In the records below, find the line with "Kepala Dinas Pendidikan" and repeat exactly every line from it through the line with "29 ngàn 1 bình". Pictures stay out.

Collected data entries

* * * *

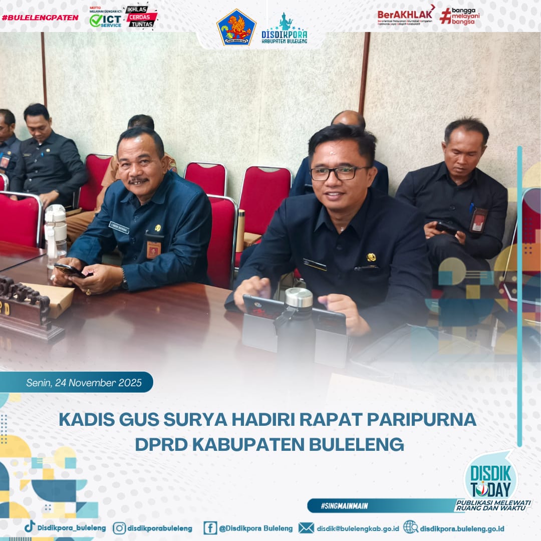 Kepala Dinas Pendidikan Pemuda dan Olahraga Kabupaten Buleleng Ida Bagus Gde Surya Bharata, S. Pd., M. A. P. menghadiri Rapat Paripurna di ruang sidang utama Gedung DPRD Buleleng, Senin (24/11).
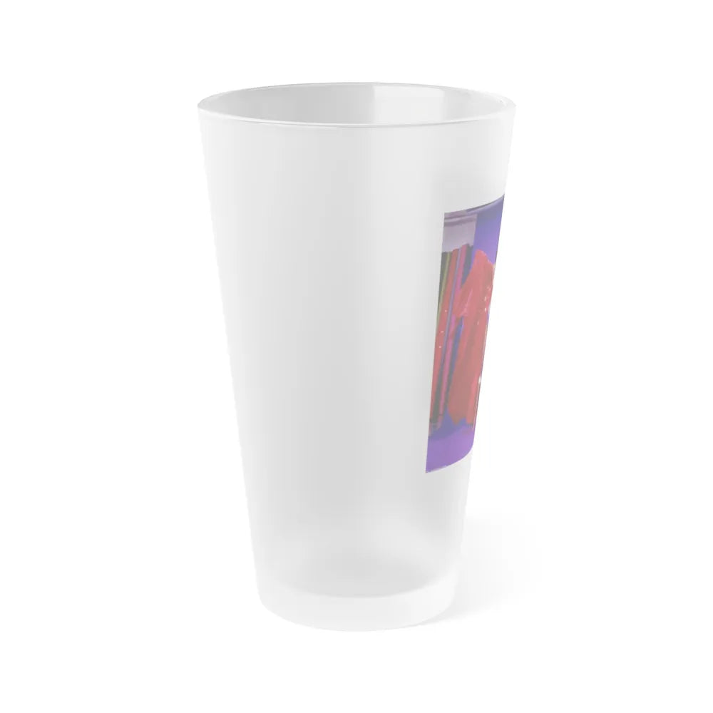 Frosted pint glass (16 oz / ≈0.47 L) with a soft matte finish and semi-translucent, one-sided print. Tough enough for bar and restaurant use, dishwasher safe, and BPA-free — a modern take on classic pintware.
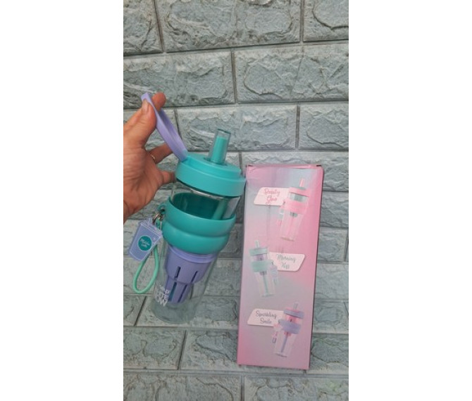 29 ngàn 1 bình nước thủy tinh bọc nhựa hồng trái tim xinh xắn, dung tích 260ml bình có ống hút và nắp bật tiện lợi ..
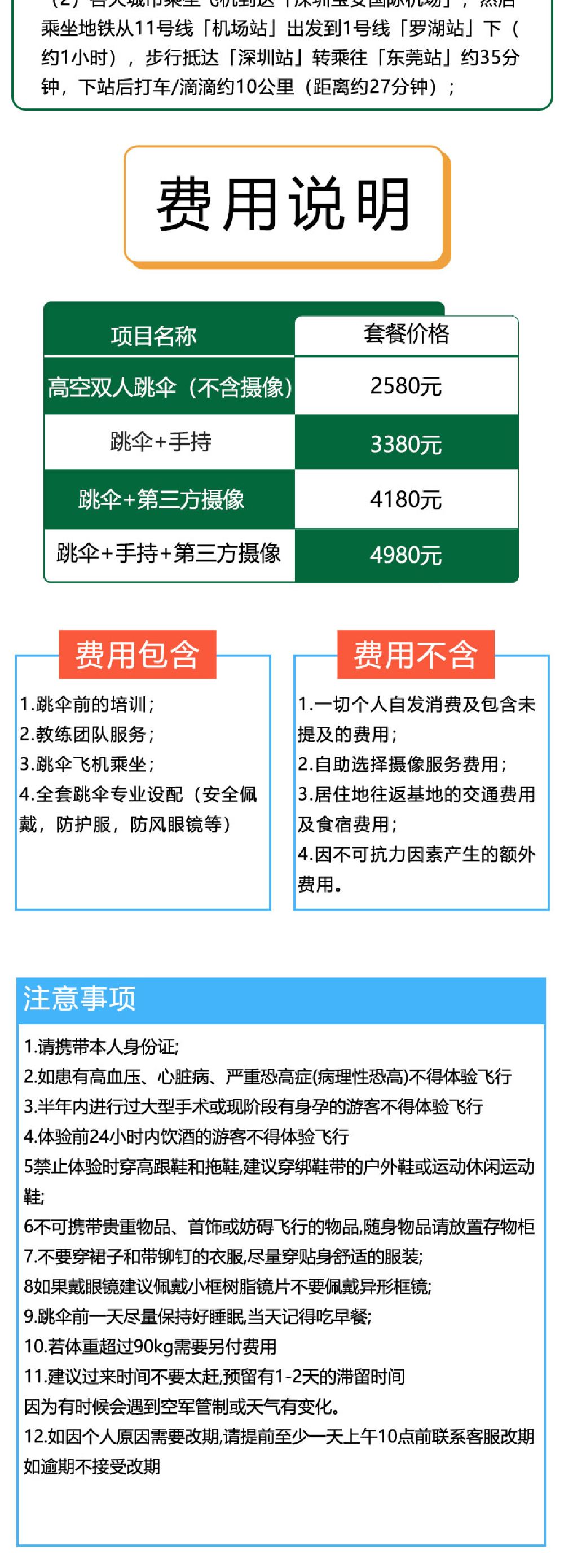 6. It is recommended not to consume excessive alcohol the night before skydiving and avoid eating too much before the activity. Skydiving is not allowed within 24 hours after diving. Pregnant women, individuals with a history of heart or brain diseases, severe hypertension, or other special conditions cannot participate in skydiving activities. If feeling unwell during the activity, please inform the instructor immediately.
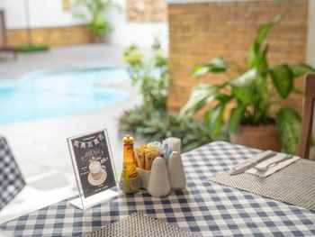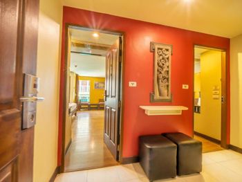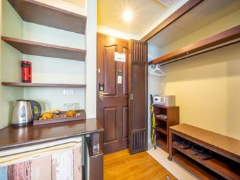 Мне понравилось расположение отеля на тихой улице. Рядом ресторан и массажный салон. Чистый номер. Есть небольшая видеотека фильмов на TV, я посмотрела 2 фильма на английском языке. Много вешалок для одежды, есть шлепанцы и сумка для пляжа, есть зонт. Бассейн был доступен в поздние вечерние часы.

* * * *

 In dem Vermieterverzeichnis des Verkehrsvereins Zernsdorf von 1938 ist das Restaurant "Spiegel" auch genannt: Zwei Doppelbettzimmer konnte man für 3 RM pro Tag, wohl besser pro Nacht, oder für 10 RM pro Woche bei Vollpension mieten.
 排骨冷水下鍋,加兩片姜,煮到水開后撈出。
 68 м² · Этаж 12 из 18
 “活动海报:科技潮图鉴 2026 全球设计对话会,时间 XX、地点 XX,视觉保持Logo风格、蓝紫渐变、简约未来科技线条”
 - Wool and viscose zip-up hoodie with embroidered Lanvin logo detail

* * * *

-- Response --
 Kepala Dinas Pendidikan Pemuda dan Olahraga Kabupaten Buleleng Ida Bagus Gde Surya Bharata, S. Pd., M. A. P. menghadiri Rapat Paripurna di ruang sidang utama Gedung DPRD Buleleng, Senin (24/11).
 Frosted pint glass (16 oz / ≈0.47 L) with a soft matte finish and semi-translucent, one-sided print. Tough enough for bar and restaurant use, dishwasher safe, and BPA-free — a modern take on classic pintware.
 29 ngàn 1 bình nước thủy tinh bọc nhựa hồng trái tim xinh xắn, dung tích 260ml bình có ống hút và nắp bật tiện lợi ..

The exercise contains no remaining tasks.